Well, to understand Adebayor's impact, we first need to understand what he'd be replacing for Tottenham. First up we have Roman Pavluychenko. After his big start against Hearts today resulted him in knocking every shot into Row Z, I think we can fairly eliminate him as a contender for playing time at the moment for Tottenham.

Next we have Jermain Defoe. Defoe was electric in the first Hearts tie, skinning the SPL squad's defense. But against Manchester United this weekend, Defoe was an entirely different proposition. Rather than playing a true advanced forward to lead the line against United, Defoe drifted deep and wide, leaving a giant hole up top for Tottenham.

Now if you're Barcelona this is no big deal, Leo Messi does this constantly. However, Not only can Tottenham not link play like Barcelona, but Defoe's distribution was also negative and inconsistent, making this an even bigger problem. Check the chart: 


Now of even greater importance than this is the presumed strike partner for whoever our No. 9 is, Rafael van der Vaart. Defoe's drifting is absolutely unviable in combination with van der Vaart, whose central positioning left him attacking three defenders alone in the United match whilst Defoe was nowhere to be found.

Defoe has never shown ability to play well without a tall No. 9 next to him in a 4-4-2. And van der Vaart has proven to be a more reliable performer as a strike partner; a more consistent finisher, distributor, and defensive worker.

Now ask any Spurs supporter who paired best with van der Vaart in 2010-11, and you should universally hear Peter Crouch. Crouch's distribution is top notch, where his deft touch pairs fantastically with his height. He can win balls and quickly put them into great positions. At his best, Crouch is a perfect striker for Tottenham's system.

Unfortunately, last season Crouch was far from his best. Throughout his career, Crouch has averaged shots/goals ratio of 0.13 and a shots on target ratio of 0.54, hardly exemplary but at least serviceable. But last season Crouch was shocking at goal, as his shots/goals ratio fell to 0.09 and his shots on target ratio also dropped to 0.51. Crouch's efficiency has become poor, and that's the biggest reason Adebayor is needed.

In comparison to Peter Crouch, Adebayor has averaged a shots/goals ratio of 0.21 and a shots on target ratio of 0.6. Adebayor scores goals at a rate twice as efficient as Crouch. In his last full season with Man City in 09-10 Adebayor was even better, dropping a a shots/goals ratio of 0.28 and a shots on target ratio of 0.64. This means Adebayor was more that 3x more efficient in that recent season than Crouch was in this past season.
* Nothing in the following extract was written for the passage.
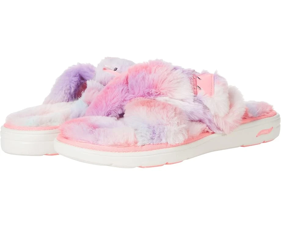 Stay stylish in comfort with the tie-dye inspired designed SKECHERS® Performance Arch Fit Lounge – Excite slippers.SKU: #9589634Upper, lining, and insole made of textile material.Buckle and slip-on closure.Open round-toe silhouette.Outsole made of synthetic and textile material.Imported.Product measurements were taken using size 9, width B – Medium. Please note that measurements may vary by size.Weight of footwear is based on a single item, not a pair.Measurements: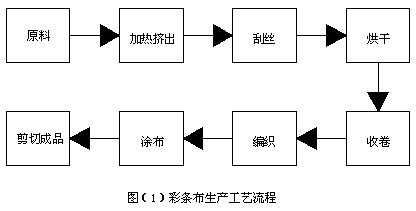 塑料彩條布主要是以丙烯、聚乙烯為原料,經(jīng)螺桿擠出機(jī)擠出成塑料薄膜,塑料薄膜經(jīng)刮絲、加熱牽伸、回縮定型后由收卷機(jī)收卷成錠子,通過圓織機(jī)將絲線編織成彩條胚布后,送涂膜機(jī)進(jìn)上膠涂覆處理,以提高塑料彩條布的強(qiáng)度、耐磨性和防水性能,其生產(chǎn)工藝流程如圖(1)示:

However, this does nothing to level the idea that Adebayor is a me-first player that is unable to bring in his teammates. Well, I have long found this to be false. Perhaps my memory is most affected by a Tottenham-Arsenal derby of September 2007, where Adebayor tore Tottenham apart with two goals as the Gunners won 3-1. I remember Adebayor's dynamism in front of goal that day, but I also remember how active and involved he was that game as well. Let's look at his passing chart from that game:Screen_shot_2011-08-25_at_5

This chalkboard shows Adebayor's fantastic all-around game. A high passing percentage, positive movement, active while still maintaining positioning in the final third, and of course, scoring goals. This is the kind of forward Tottenham needs, an active No. 9 who can win balls, pass, and finish. This is what Adebayor can do.

Obviously, it will take time for Adebayor to blend in with the squad and become a player who can function within the system. But Adebayor's skills and size make him extremely viable as a striker that can help lift Tottenham. Give him time to adjust and hope that he keeps his head together, but Emmanuel Adebayor could be just what Tottenham has been missing in attack.